I am on record as calling for the withdrawal of troops: from Afghanistan to Iraq to Japan. Let other countries be responsible policing themselves, carry out their own revolutions, and only risk lives and treasure in retaliation, not nation building. However, even I must admit that it is better to err on the side of stationing some forces to ensure terrorists can be eliminated rather than suffer greater consequences and casualties later.
But our commander in chief does not agree. He has made promise after promise throughout the Islamic world and kept none. The result is that Mr. Obama is more hated than George W. Bush, and America's reputation has only declined.
Like Mr. Bush, Mr. Obama has excelled in killing and throwing resources at foiling terrorists. And like his predecessor, Mr. Obama has failed miserably in addressing grievances and reducing motivations for potential radicals to join outfits like al Qaeda.
I will give Mr.
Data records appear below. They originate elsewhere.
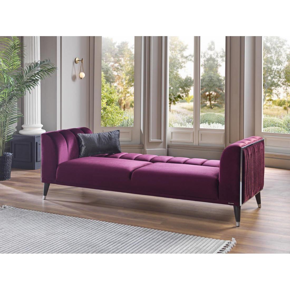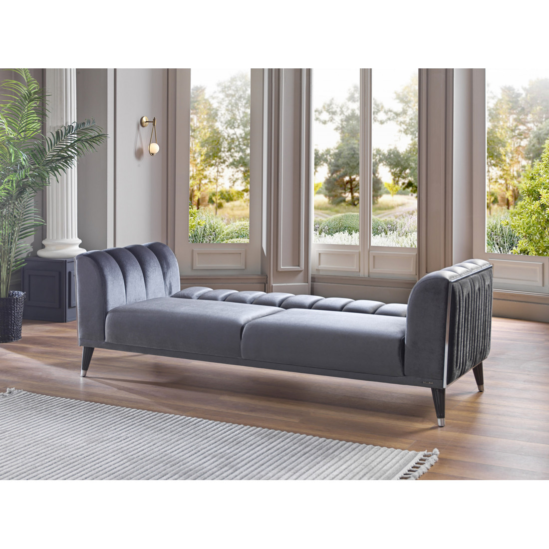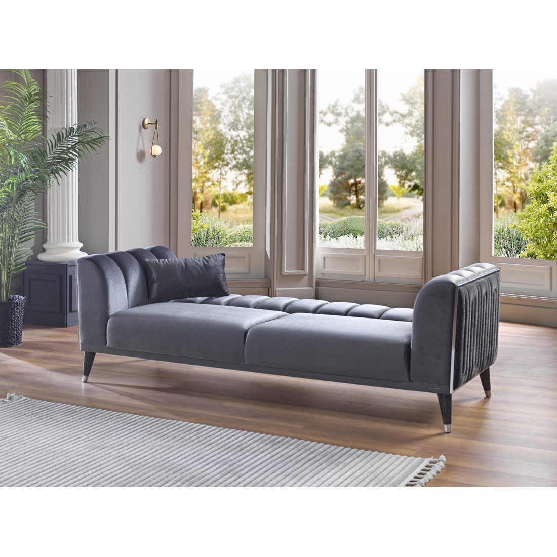 Трехместный диван-кровать Гравита (Gravita) GRAV-02 Беллона вместительный диван с невысокой спинкой. Габаритные размеры дивана 230х88х80см,  позволяют трансформировать его в удобную кровать со спальным местом 106*182см. Диван на металлокаркасе, наполнение высококачественный турецкий ППУ. Вертикальная прострочка ткани боковин обрамлена хромированными вставками по периметру. Ножки дивана изготовлены из прочного ABS-пластика.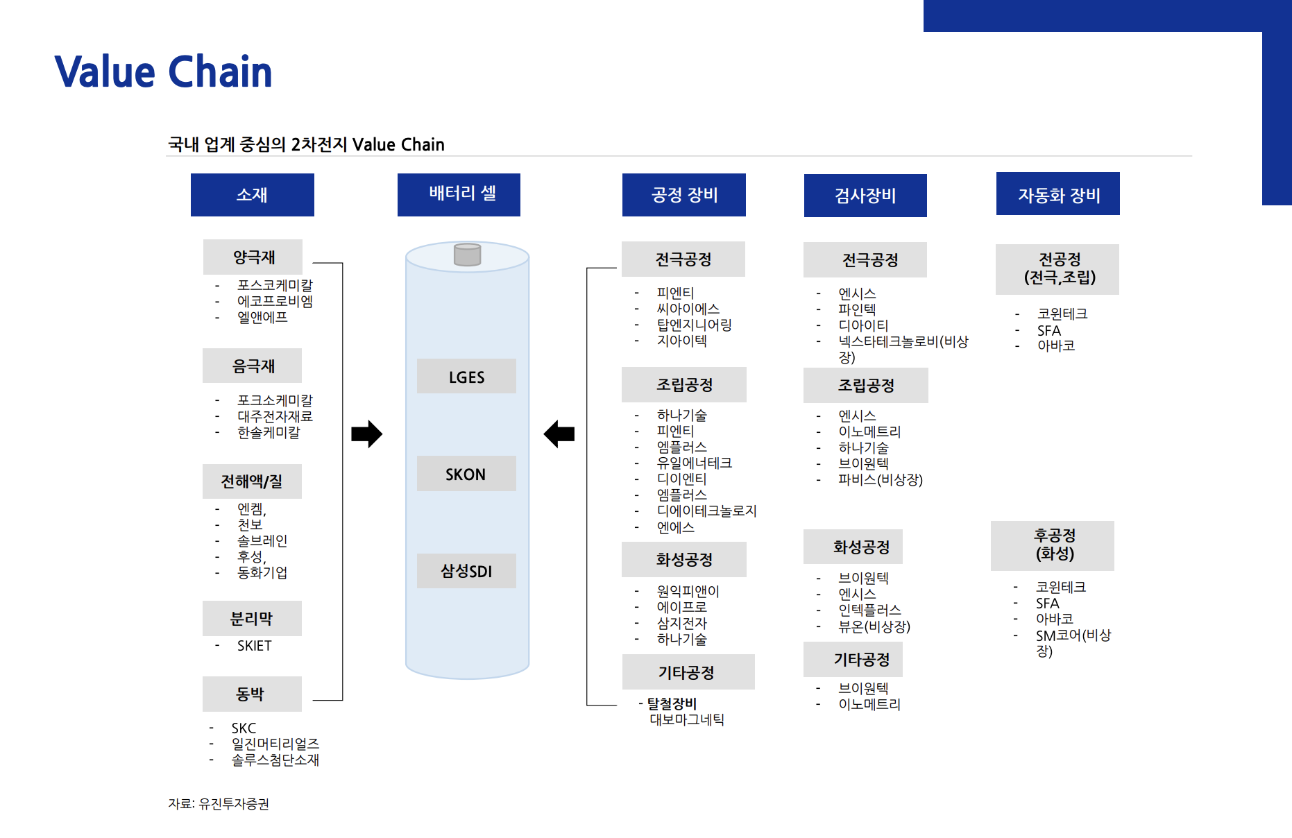 2차 전지 밸류체인에 따른 업체를 유진투자증권에서 정리한 레포트가 있어 함께 소개하고자 합니다.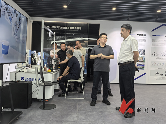越疆公司教育事業部總經理李曉亮陪同李勝利參觀企業,并對公司智能協作機器人產品進行詳細介紹。李勝利從功能、性能、應用領域系統解決方案等角度詳詢相關信息,對企業在智能協作機器人領域以核心技術創新驅動發展方面取得的成果高度贊賞,并對企業在產學合作協同育人方面的措施與成效進行了重點了解。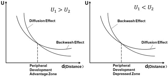 A key theoretical framework underpinning the development of urban interstitials is the research of Gunnar Myrdal (1957), who is associated with classical regional economic theory; specifically, his concepts of “diffusion” and “backwash” effects are of particular relevance []. The research of the Myrdal model describes how urban centers exert both positive externalities (diffusion effects) and negative forces (backwash effects) on the surrounding peripheral areas. Diffusion effects refer to the outward flow of benefits and development from urban cores, while backwash effects describe the inward pull of resources, labor, and capital toward these centers. The balance between these effects helps explain the uneven development of interstitial areas, where peripheral spaces experience either intensified development or underdevelopment depending on the relative strength of diffusion and backwash effects. This framework provides valuable insights into how urban interstices evolve (Figure 1), as they often experience both types of effects simultaneously—being shaped by the external influence of core cities while still maintaining distinct spatial and administrative characteristics [,].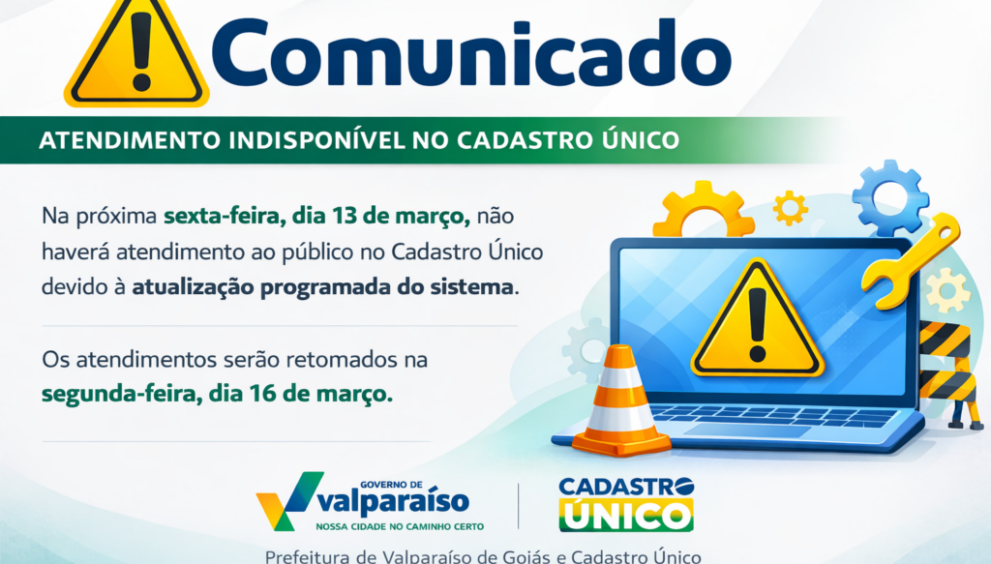 O Cadastro Único informa que, nesta sexta-feira, dia 13 de março, não haverá atendimento ao público na unidade, em razão de atualização programada do sistema. A medida é necessária para garantir a melhoria contínua dos serviços prestados à população.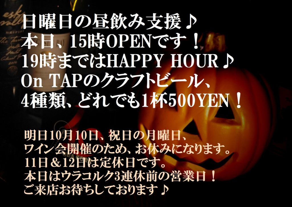 ワインが美味しい季節、今回も満席御礼、素敵なイベントになりそうな予感ですが、Wine Bar URACORKはお休み、そのあと11日、12日は定休日ですので、明日からは3日間おやすみとなります。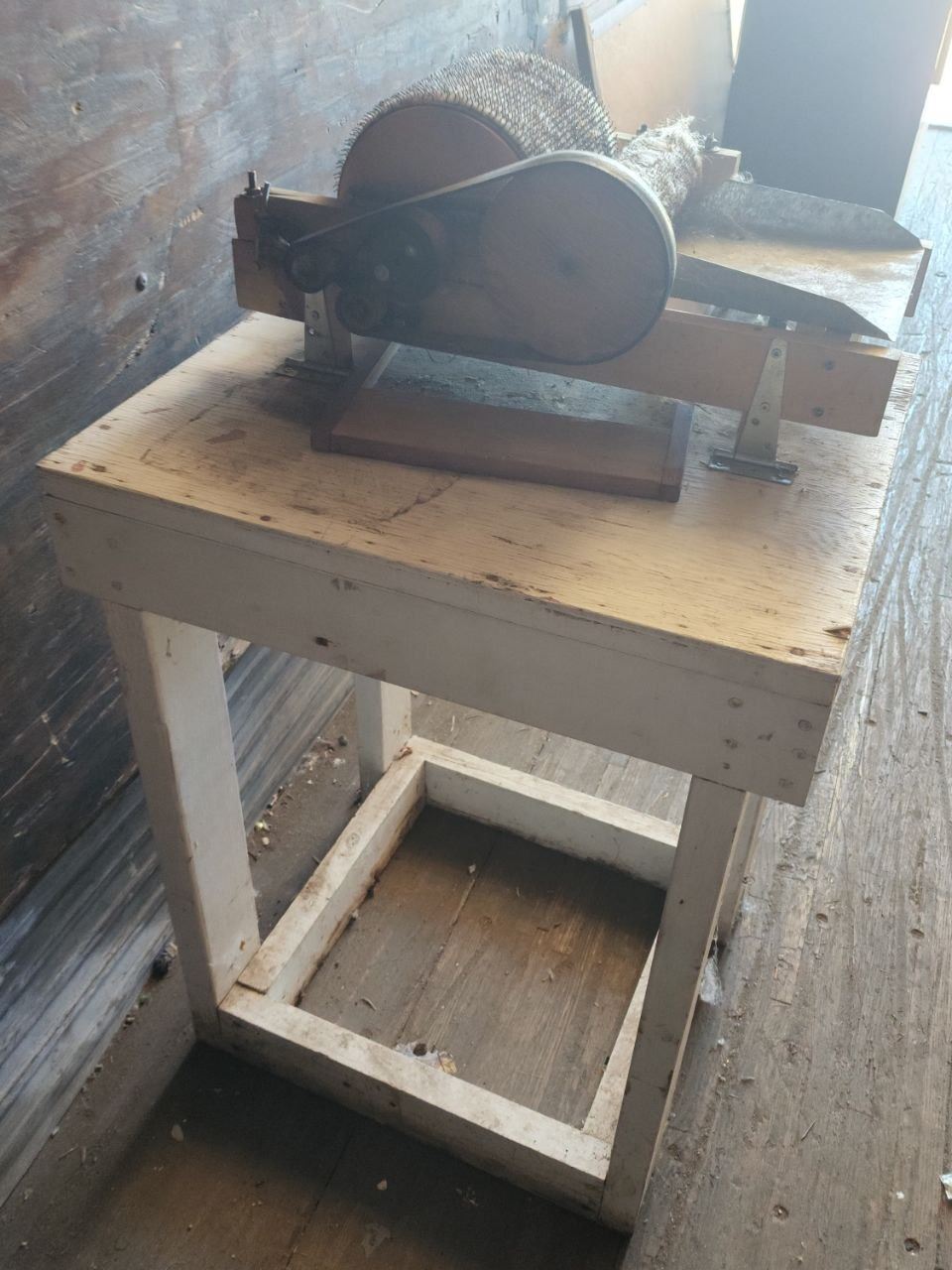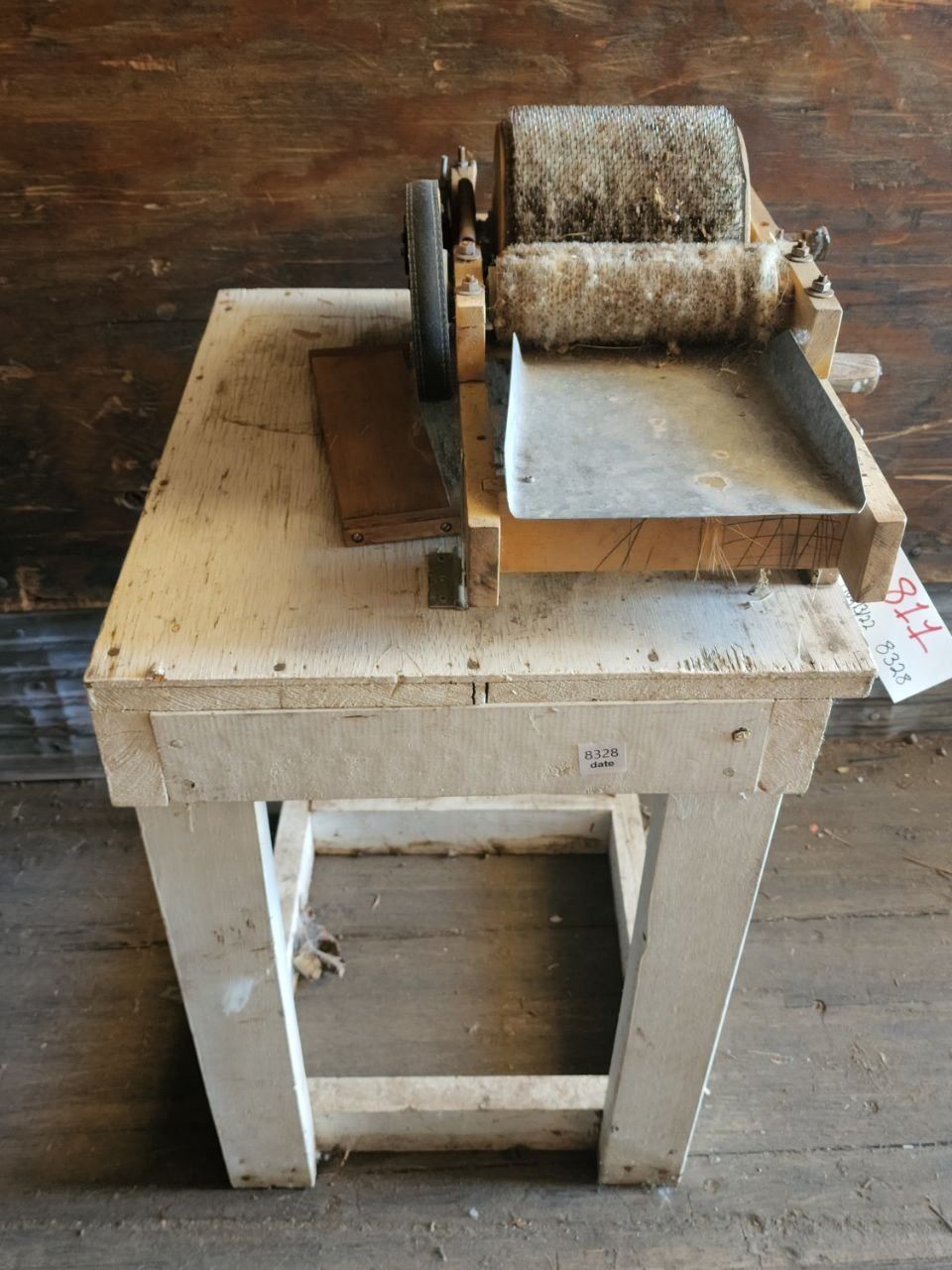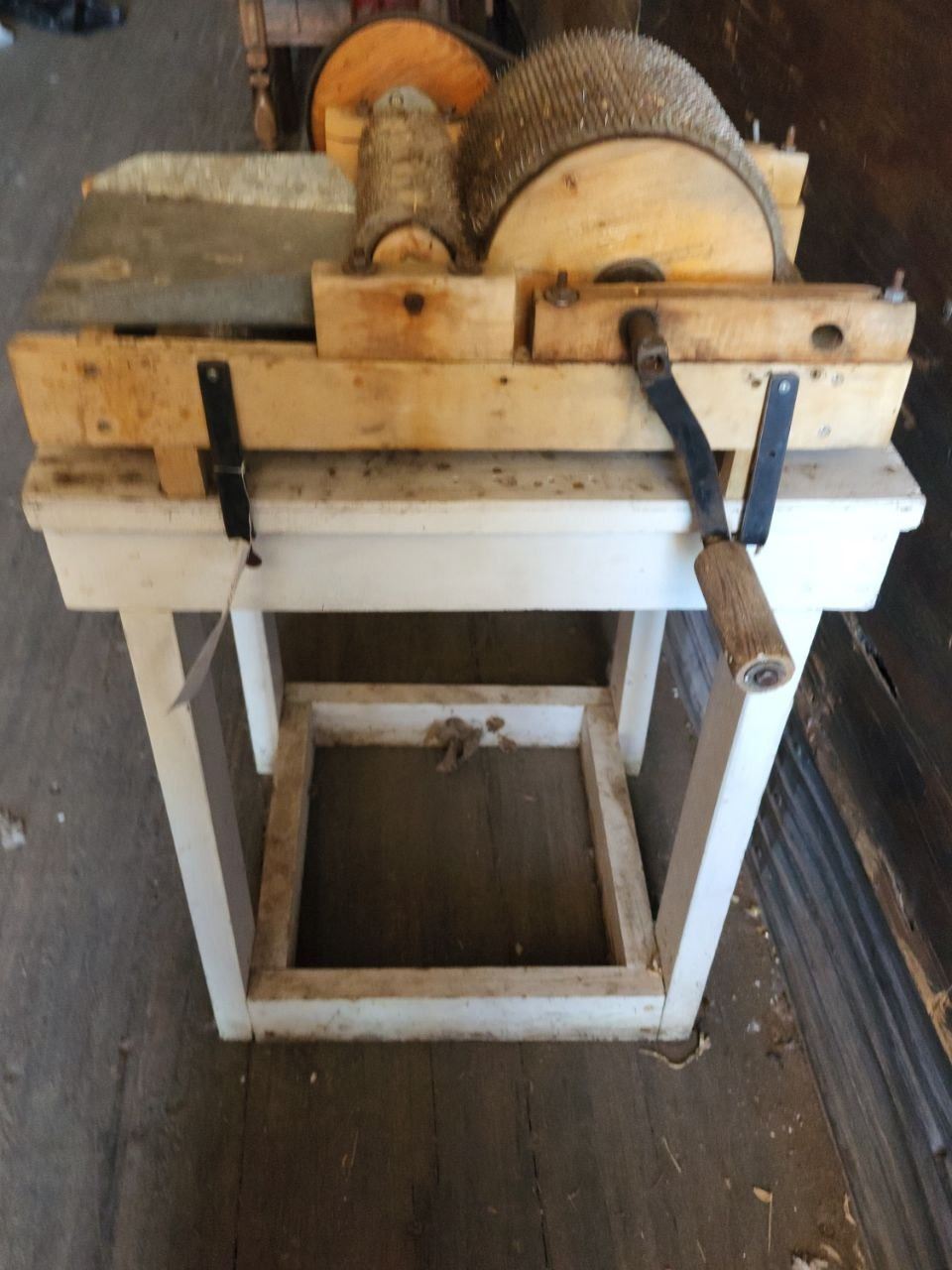 Antique Wool Carder, mounted on White Table. Total H-3'4" W-1'8" D-2'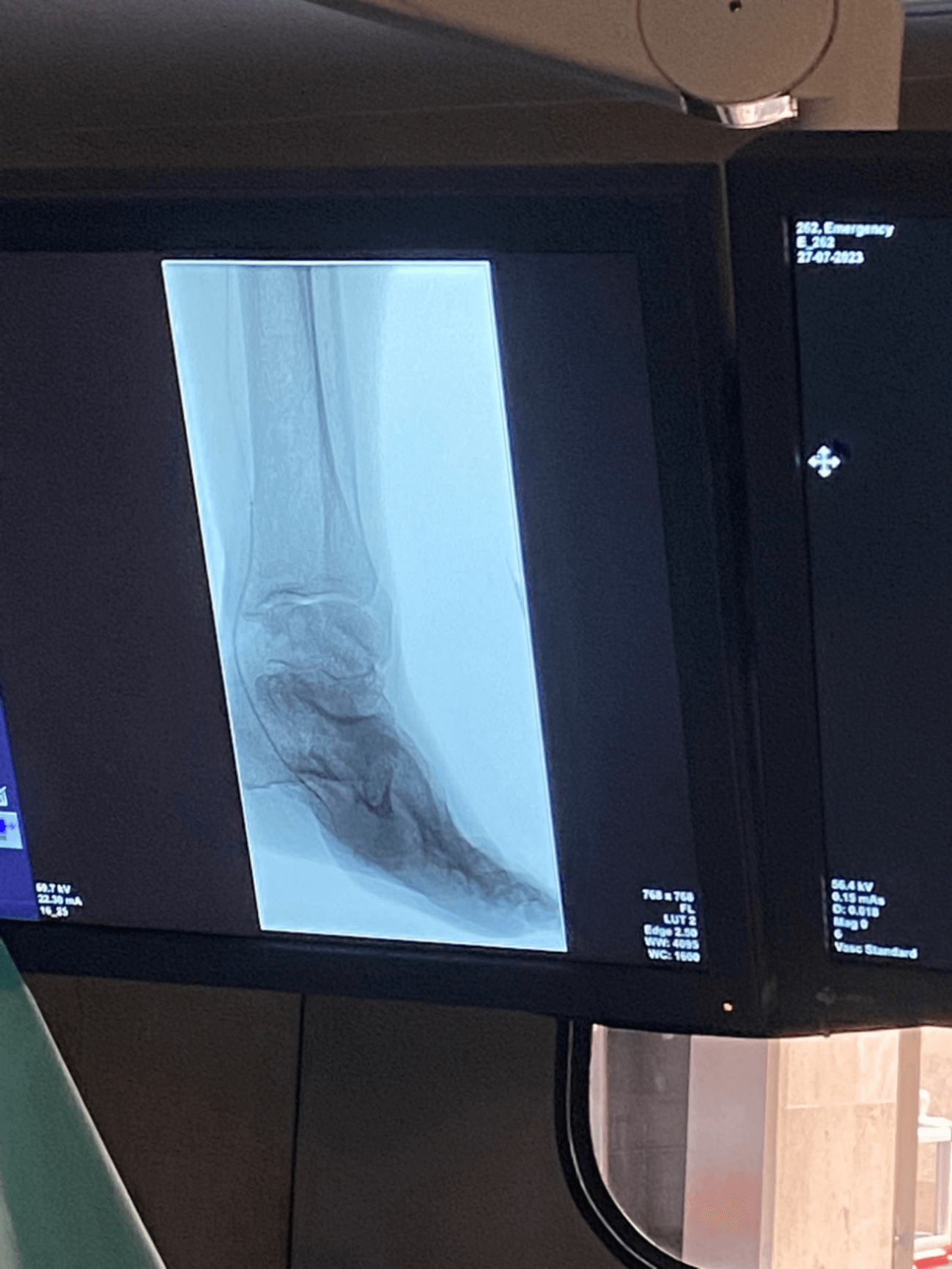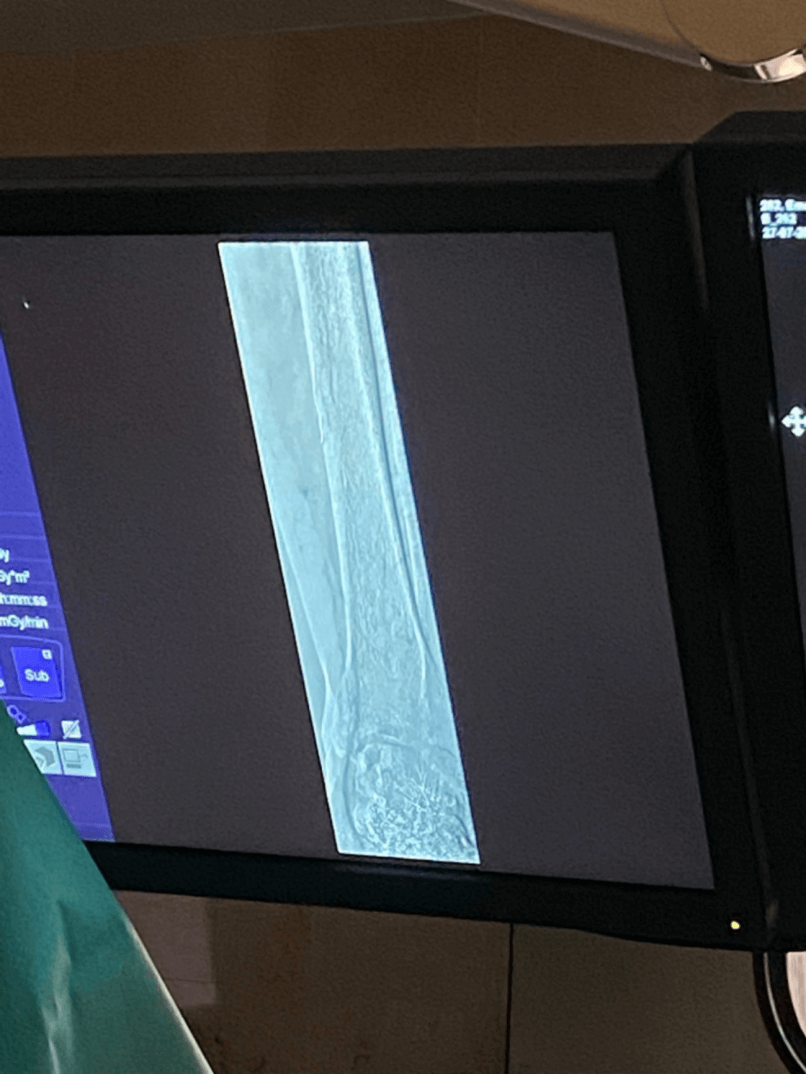 70岁,糖尿病患者,不吸烟,饮酒。此前在股浅动脉(SFA)放置过两个重叠的支架,80-120段出现30%的再狭窄。膝窝动脉(POP)轻度钙化,胫腓动脉干(TPT)长段弥漫性钙化。前胫动脉(ATA)不畅,患者的腓动脉与胫后动脉(PTA)均有病变。

Obama credit: He learned from Benghazi and made the right decision to close down the U.S. missions. But the failure lies in needing to do so and on such a massive scale.
As long as al Qaeda is focused on the Middle East and North Africa, our "betters" in Washington seem to think we are generally safe, and most Americans seem to agree. But what happens when these very war-hardened and well-funded terrorist turn their eyes back to the U.S. mainland? Another 9/11 is not outside the realm of possibility — in fact, it is likely.
Will Mr. Obama be like Bill Clinton, lamenting that he let al Qaeda grow when he had the chance to continue to step on its throat? Can we trust whoever will be president then to not act like Mr. Bush and overstep their bounds in war and personal liberties?
We can avoid these speculations by finally admitting that the only way the U.S. can stop creating new terrorists is to quit giving them reasons and a target. For too long we conceded the propaganda war in the Middle East to the Soviets and Russians. This accounts for the suspicion many Arabs harbor toward the West and America. But then again, we have done ourselves no favors.
To combat this distrust, we must actually engage the citizens of North Africa and the Middle East. Diplomats should be encouraged to make as many personal connections as possible rather than be constantly confined to the embassy. We also must re-examine our actual policies toward these countries and their people. No amount of communication can overcome bad policy.
When force is needed, it must be precise. Drones are great for limiting our own casualties, but time after time we have seen them hit civilians rather than terrorists. Weddings and birthday parties blown up, falsely marked as insurgent kills, do not engender good will. In this case I do advocate using troops; not a large army division, but rather special operations forces. Eyes on the ground can distinguish harmless citizens from real targets.
If this sounds familiar, it should. It is called smart power. The Washington knitting circles on foreign policy talk about it to no end, but we continually fail to put in practice. Instead we get half-hearted attempts at soft power and heavy-handed thrusts with hard power.
Al Qaeda is on the move again. Rather than deny and obfuscate, the president needs to come clean to the American people about the threat. He then must make it a point to stop making false promises and start using smart power. If he fails us in this, I truly fear something worse than 9/11 is on the horizon.